Took this pic of one of my red eyes today....I have had this one for almost a year now, never had a problem with him or my female. He still moves around and eats normal, just the dark blotches seem like a not good thing. I have no idea what it is as i have never had any of my frogs do this, any ideas?


----------



## Redhead87xc (Jan 27, 2010)

Looks to me like a skin infection or something. One of my Red Eyese had as similar thing on her leg. I used some neosporin with water and que tip and rubbed it on the area gently every day for about 9 days. eventually it healed up and has gone away. I would quaratine the frog in a tub with only a paper towel as well so that no other bacteria can get in the wounds. That is just my 2 cents. Hope this helps.


----------



## Amphinityfrogs (Jan 30, 2013)

It does kind of look like an infection of some sort.
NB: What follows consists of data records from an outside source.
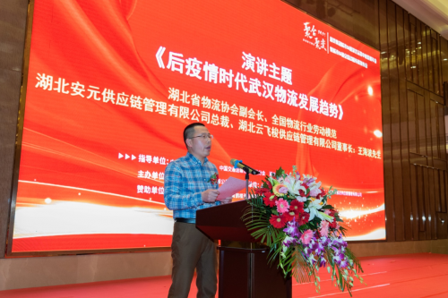 湖北省物流协会副会长、全国物流行业劳动模范、湖北安元供应链管理有限公司总裁、湖北云飞梭供应链管理有限公司董事长、王海波先生发表主题演讲——后疫情时代武汉物流发展趋势。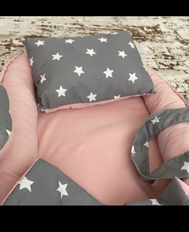 Gri yıldız desenli yastık ve yumuşak pembe uyku minderi içeren sentetik kumaştan yapılmış 1adet beybi Nest yatak 1 adet C yastık 1 adet küçük yastık Üst örtüsü alt açma minderi mevcut temiz kullanılmıştır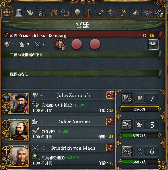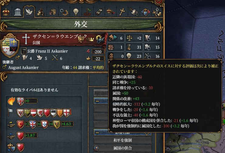 トリーア、サヴォイ、ケルン、ミュンスター、ザクセンを滅ぼした。おっきくなった。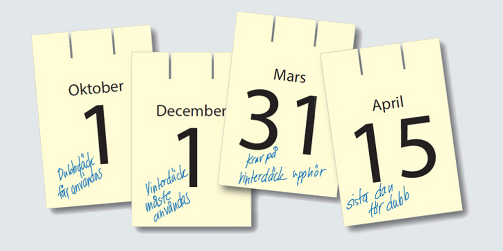Dubbdäck får användas 1 oktober – 15 april, men även under annan tid om det är eller befaras bli vinterväglag. Dubbfria vinterdäck kan sättas på tidigare på säsongen vilket gör att du i god tid innan den första halkan är väl rustad för vinterväglag.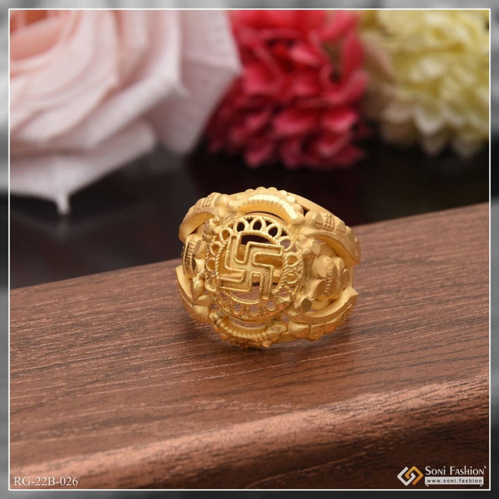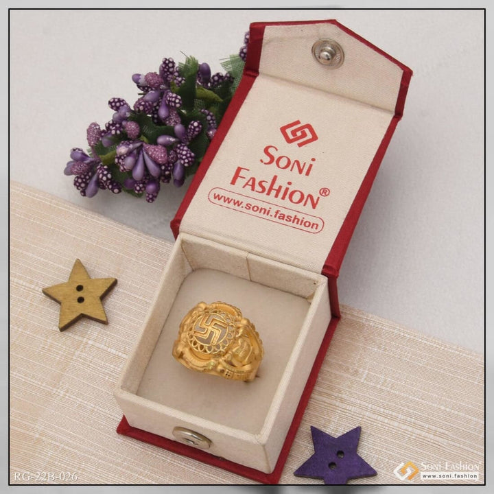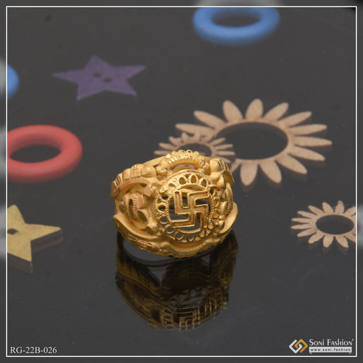 1 Gram Gold Forming Swastik Fancy Design High-quality Ring For Men - Style B026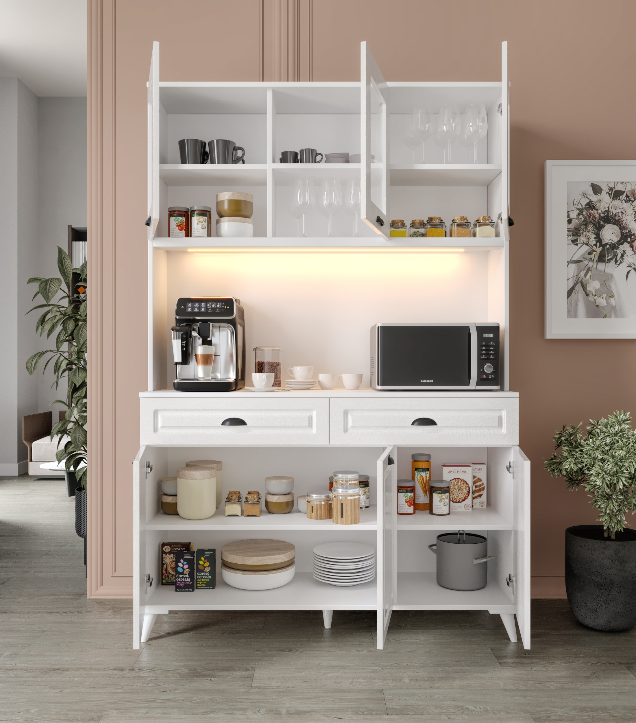 - Çok amaçlı kullanım: Kahve köşesi, airfryer dolabı, mutfak dolabı

If you have a local vet that treats frogs around I'd take it to them. They can swap the frog and see if it is fungal or bacterial. The faster you act the better off he will be. And if its nothing at least then you'll know.


----------



## Paul G (Feb 27, 2007)

Like Amphinityfrogs said, you may want to contact a herp vet as soon as you can.

Is he/she WC or CB?


----------



## billschwinn (Dec 17, 2008)

It looks like it may be the beginnings of a bacterial infection. That is typically how I remember the appearance in the past on some of my breeders.I treated with Baytril diluted from my vet, which was added t misting and bathing water. Hope this helps, Bill


----------



## PumilioTurkey (Feb 25, 2010)

I had the same thing with my Tinctorius which turned grey on their backs.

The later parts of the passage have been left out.